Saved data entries
+===+

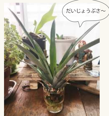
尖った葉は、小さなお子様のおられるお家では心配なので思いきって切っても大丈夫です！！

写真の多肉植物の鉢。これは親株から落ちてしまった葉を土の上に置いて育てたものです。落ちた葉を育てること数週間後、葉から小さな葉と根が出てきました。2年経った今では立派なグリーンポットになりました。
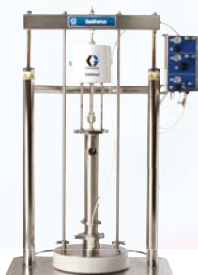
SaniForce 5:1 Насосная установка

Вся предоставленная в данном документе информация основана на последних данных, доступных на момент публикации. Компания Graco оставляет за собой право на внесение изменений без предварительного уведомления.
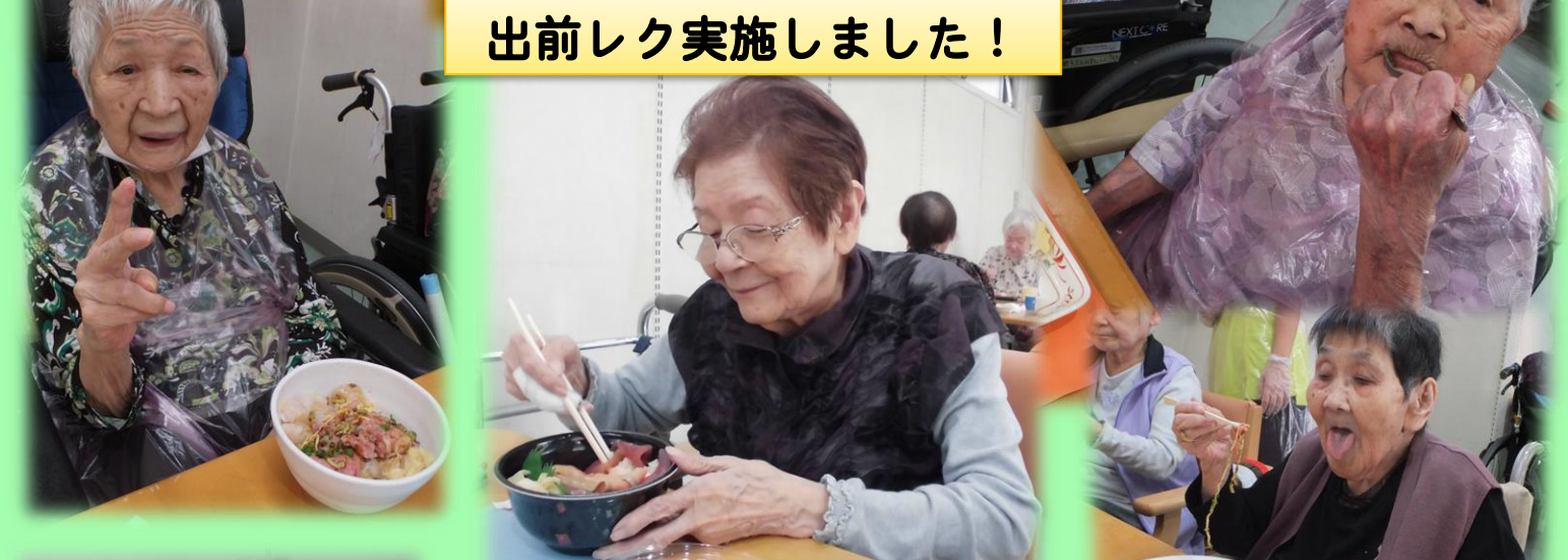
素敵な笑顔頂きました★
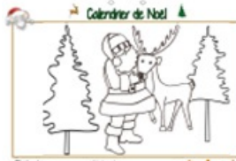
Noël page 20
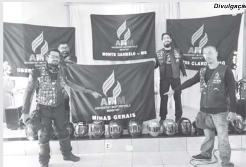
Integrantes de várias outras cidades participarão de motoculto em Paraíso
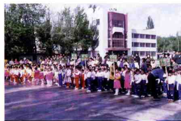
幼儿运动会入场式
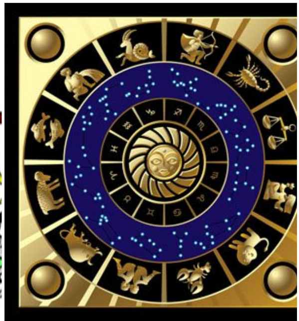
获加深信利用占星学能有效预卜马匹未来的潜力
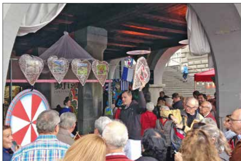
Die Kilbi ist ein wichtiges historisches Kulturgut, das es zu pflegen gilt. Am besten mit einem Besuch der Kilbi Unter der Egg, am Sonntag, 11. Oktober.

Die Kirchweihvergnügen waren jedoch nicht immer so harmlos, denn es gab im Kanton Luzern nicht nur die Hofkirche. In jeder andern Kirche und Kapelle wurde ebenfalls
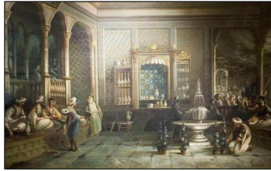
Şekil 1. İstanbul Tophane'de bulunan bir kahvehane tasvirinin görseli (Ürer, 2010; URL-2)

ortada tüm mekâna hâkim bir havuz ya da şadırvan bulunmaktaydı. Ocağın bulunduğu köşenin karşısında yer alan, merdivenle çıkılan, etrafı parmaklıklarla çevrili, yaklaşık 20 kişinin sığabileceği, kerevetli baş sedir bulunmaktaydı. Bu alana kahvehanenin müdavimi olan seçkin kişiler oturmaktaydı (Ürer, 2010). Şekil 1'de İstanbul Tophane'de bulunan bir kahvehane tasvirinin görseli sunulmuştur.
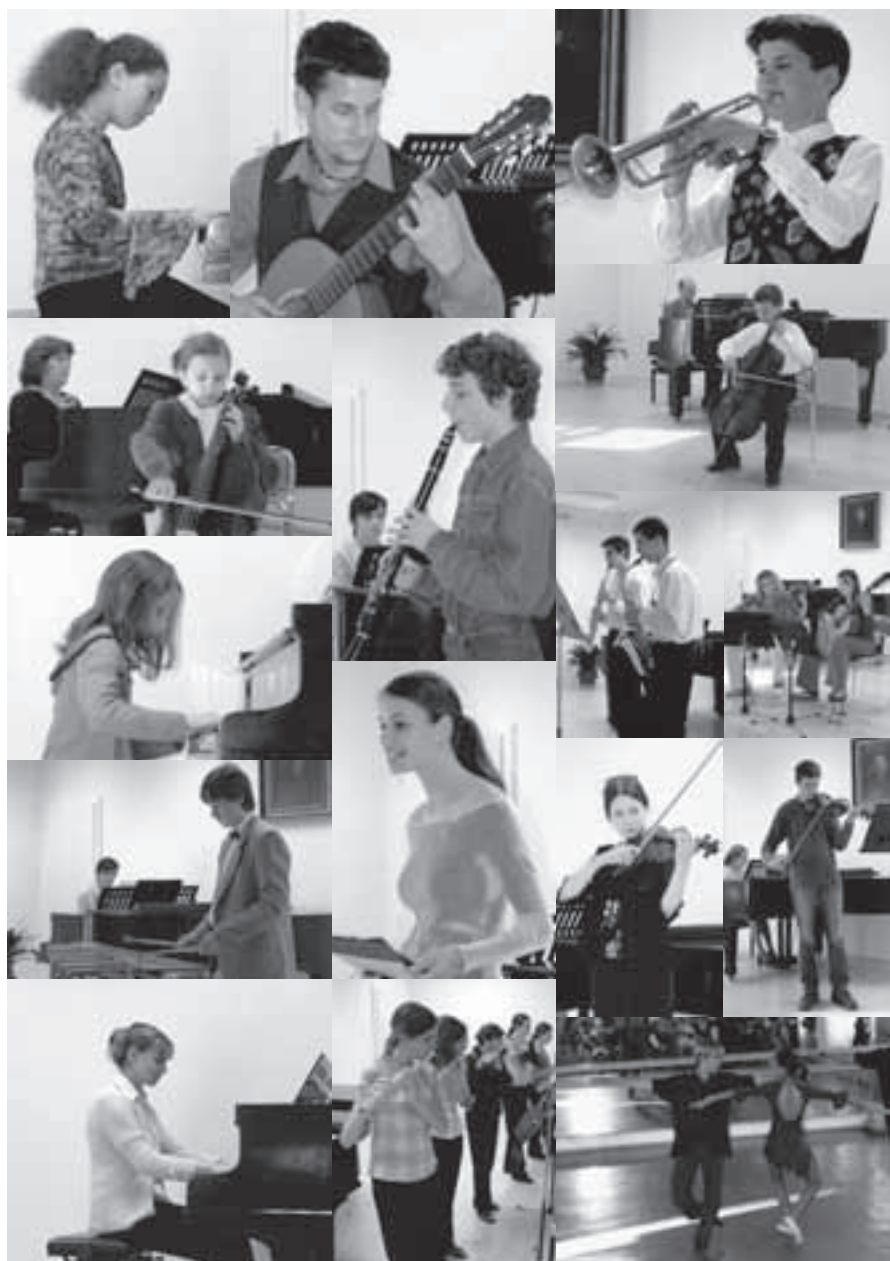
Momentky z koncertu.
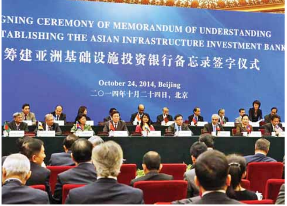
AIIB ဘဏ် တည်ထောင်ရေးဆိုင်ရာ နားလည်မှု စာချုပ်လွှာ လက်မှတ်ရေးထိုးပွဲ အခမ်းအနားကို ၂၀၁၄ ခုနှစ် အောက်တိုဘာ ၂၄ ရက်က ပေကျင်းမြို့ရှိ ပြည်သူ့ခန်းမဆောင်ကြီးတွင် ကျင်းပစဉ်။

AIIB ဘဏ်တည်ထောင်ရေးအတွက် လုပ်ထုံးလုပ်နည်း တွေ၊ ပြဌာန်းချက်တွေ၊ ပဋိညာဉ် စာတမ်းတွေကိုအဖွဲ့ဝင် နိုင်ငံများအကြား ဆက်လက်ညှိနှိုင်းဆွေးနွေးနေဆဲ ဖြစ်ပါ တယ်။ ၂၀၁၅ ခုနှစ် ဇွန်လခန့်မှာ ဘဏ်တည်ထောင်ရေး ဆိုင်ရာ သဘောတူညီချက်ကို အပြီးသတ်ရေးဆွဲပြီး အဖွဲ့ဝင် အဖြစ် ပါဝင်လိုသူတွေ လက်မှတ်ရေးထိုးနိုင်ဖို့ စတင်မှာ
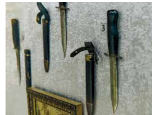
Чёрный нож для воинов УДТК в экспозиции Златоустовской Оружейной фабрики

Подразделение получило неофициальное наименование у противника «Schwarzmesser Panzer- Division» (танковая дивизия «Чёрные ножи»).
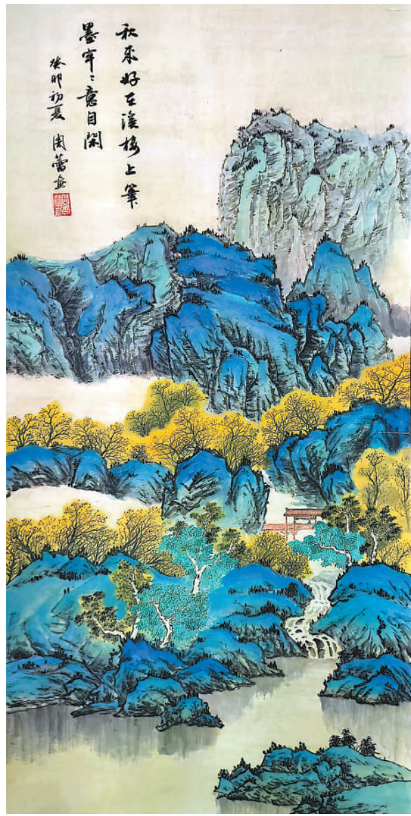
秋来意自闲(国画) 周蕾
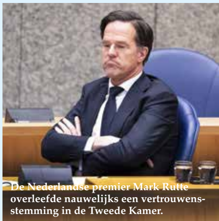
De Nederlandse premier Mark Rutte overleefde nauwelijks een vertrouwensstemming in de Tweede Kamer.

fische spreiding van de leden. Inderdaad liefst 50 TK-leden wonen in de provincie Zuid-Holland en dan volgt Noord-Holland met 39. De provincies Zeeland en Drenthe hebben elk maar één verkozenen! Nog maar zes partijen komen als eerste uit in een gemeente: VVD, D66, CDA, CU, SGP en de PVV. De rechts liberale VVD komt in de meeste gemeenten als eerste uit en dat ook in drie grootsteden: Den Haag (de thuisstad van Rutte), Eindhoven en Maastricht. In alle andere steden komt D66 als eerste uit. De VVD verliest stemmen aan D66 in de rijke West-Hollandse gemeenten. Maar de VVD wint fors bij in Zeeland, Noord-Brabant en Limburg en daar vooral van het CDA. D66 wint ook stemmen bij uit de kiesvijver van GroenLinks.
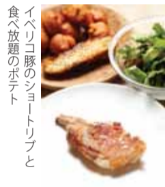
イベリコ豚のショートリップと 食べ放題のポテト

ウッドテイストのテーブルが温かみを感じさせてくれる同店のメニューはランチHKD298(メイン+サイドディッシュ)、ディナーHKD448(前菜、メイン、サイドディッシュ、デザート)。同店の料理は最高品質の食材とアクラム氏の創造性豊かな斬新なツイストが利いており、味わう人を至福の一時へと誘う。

+===+

Transcribe every entry exactly, leaving out the pictures.

尖った葉は、小さなお子様のおられるお家では心配なので思いきって切っても大丈夫です！！

写真の多肉植物の鉢。これは親株から落ちてしまった葉を土の上に置いて育てたものです。落ちた葉を育てること数週間後、葉から小さな葉と根が出てきました。2年経った今では立派なグリーンポットになりました。
SaniForce 5:1 Насосная установка

Вся предоставленная в данном документе информация основана на последних данных, доступных на момент публикации. Компания Graco оставляет за собой право на внесение изменений без предварительного уведомления.
素敵な笑顔頂きました★
Noël page 20
Integrantes de várias outras cidades participarão de motoculto em Paraíso
幼儿运动会入场式
获加深信利用占星学能有效预卜马匹未来的潜力
Die Kilbi ist ein wichtiges historisches Kulturgut, das es zu pflegen gilt. Am besten mit einem Besuch der Kilbi Unter der Egg, am Sonntag, 11. Oktober.

Die Kirchweihvergnügen waren jedoch nicht immer so harmlos, denn es gab im Kanton Luzern nicht nur die Hofkirche. In jeder andern Kirche und Kapelle wurde ebenfalls
Şekil 1. İstanbul Tophane'de bulunan bir kahvehane tasvirinin görseli (Ürer, 2010; URL-2)

ortada tüm mekâna hâkim bir havuz ya da şadırvan bulunmaktaydı. Ocağın bulunduğu köşenin karşısında yer alan, merdivenle çıkılan, etrafı parmaklıklarla çevrili, yaklaşık 20 kişinin sığabileceği, kerevetli baş sedir bulunmaktaydı. Bu alana kahvehanenin müdavimi olan seçkin kişiler oturmaktaydı (Ürer, 2010). Şekil 1'de İstanbul Tophane'de bulunan bir kahvehane tasvirinin görseli sunulmuştur.
Momentky z koncertu.
AIIB ဘဏ် တည်ထောင်ရေးဆိုင်ရာ နားလည်မှု စာချုပ်လွှာ လက်မှတ်ရေးထိုးပွဲ အခမ်းအနားကို ၂၀၁၄ ခုနှစ် အောက်တိုဘာ ၂၄ ရက်က ပေကျင်းမြို့ရှိ ပြည်သူ့ခန်းမဆောင်ကြီးတွင် ကျင်းပစဉ်။

AIIB ဘဏ်တည်ထောင်ရေးအတွက် လုပ်ထုံးလုပ်နည်း တွေ၊ ပြဌာန်းချက်တွေ၊ ပဋိညာဉ် စာတမ်းတွေကိုအဖွဲ့ဝင် နိုင်ငံများအကြား ဆက်လက်ညှိနှိုင်းဆွေးနွေးနေဆဲ ဖြစ်ပါ တယ်။ ၂၀၁၅ ခုနှစ် ဇွန်လခန့်မှာ ဘဏ်တည်ထောင်ရေး ဆိုင်ရာ သဘောတူညီချက်ကို အပြီးသတ်ရေးဆွဲပြီး အဖွဲ့ဝင် အဖြစ် ပါဝင်လိုသူတွေ လက်မှတ်ရေးထိုးနိုင်ဖို့ စတင်မှာ
Чёрный нож для воинов УДТК в экспозиции Златоустовской Оружейной фабрики

Подразделение получило неофициальное наименование у противника «Schwarzmesser Panzer- Division» (танковая дивизия «Чёрные ножи»).
秋来意自闲(国画) 周蕾
De Nederlandse premier Mark Rutte overleefde nauwelijks een vertrouwensstemming in de Tweede Kamer.

fische spreiding van de leden. Inderdaad liefst 50 TK-leden wonen in de provincie Zuid-Holland en dan volgt Noord-Holland met 39. De provincies Zeeland en Drenthe hebben elk maar één verkozenen! Nog maar zes partijen komen als eerste uit in een gemeente: VVD, D66, CDA, CU, SGP en de PVV. De rechts liberale VVD komt in de meeste gemeenten als eerste uit en dat ook in drie grootsteden: Den Haag (de thuisstad van Rutte), Eindhoven en Maastricht. In alle andere steden komt D66 als eerste uit. De VVD verliest stemmen aan D66 in de rijke West-Hollandse gemeenten. Maar de VVD wint fors bij in Zeeland, Noord-Brabant en Limburg en daar vooral van het CDA. D66 wint ook stemmen bij uit de kiesvijver van GroenLinks.
イベリコ豚のショートリップと 食べ放題のポテト

ウッドテイストのテーブルが温かみを感じさせてくれる同店のメニューはランチHKD298(メイン+サイドディッシュ)、ディナーHKD448(前菜、メイン、サイドディッシュ、デザート)。同店の料理は最高品質の食材とアクラム氏の創造性豊かな斬新なツイストが利いており、味わう人を至福の一時へと誘う。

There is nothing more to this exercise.